▸ **DIRECTIONS FOR THIS TASK**: What is needed is an exact reproduction of the lines in the records below, starting at the line with "Waterproof hydration tube" and ending at the line with "PRESENTATION 100 ml.", both included, and nothing else; pictures stay out.
··· DATA LISTING
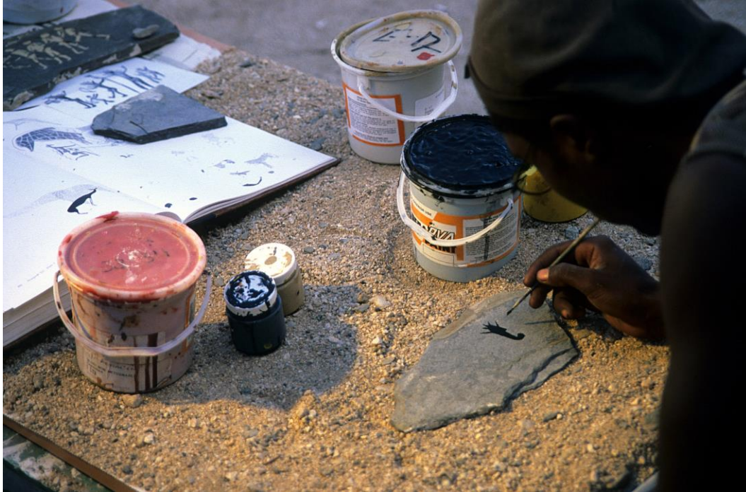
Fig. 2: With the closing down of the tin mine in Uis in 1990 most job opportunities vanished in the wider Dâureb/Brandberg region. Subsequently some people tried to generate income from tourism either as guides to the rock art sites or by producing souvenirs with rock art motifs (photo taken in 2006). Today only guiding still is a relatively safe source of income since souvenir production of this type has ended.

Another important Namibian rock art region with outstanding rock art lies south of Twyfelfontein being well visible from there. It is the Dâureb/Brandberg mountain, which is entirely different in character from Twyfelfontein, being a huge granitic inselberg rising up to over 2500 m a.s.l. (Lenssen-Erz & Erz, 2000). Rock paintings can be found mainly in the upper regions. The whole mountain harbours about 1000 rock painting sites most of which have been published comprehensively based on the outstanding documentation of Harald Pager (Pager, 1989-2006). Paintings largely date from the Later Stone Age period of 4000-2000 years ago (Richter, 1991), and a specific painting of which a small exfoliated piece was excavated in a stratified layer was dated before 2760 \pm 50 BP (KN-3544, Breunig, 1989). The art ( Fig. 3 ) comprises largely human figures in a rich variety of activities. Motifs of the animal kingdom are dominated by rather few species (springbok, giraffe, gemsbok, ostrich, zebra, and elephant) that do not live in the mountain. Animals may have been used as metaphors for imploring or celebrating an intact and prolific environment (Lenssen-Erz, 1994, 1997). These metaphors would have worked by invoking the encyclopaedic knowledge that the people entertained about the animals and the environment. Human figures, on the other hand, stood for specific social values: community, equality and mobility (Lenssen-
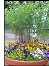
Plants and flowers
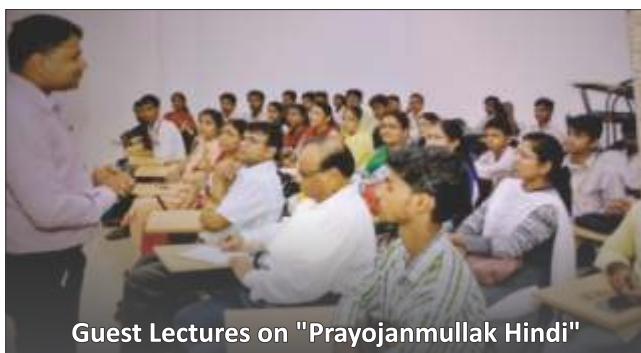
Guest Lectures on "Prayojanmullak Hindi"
······
··· DATA LISTING
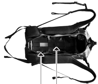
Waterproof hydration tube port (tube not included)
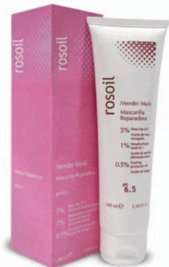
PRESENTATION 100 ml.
······
▸ **RESULT**:
Waterproof hydration tube port (tube not included)
PRESENTATION 100 ml.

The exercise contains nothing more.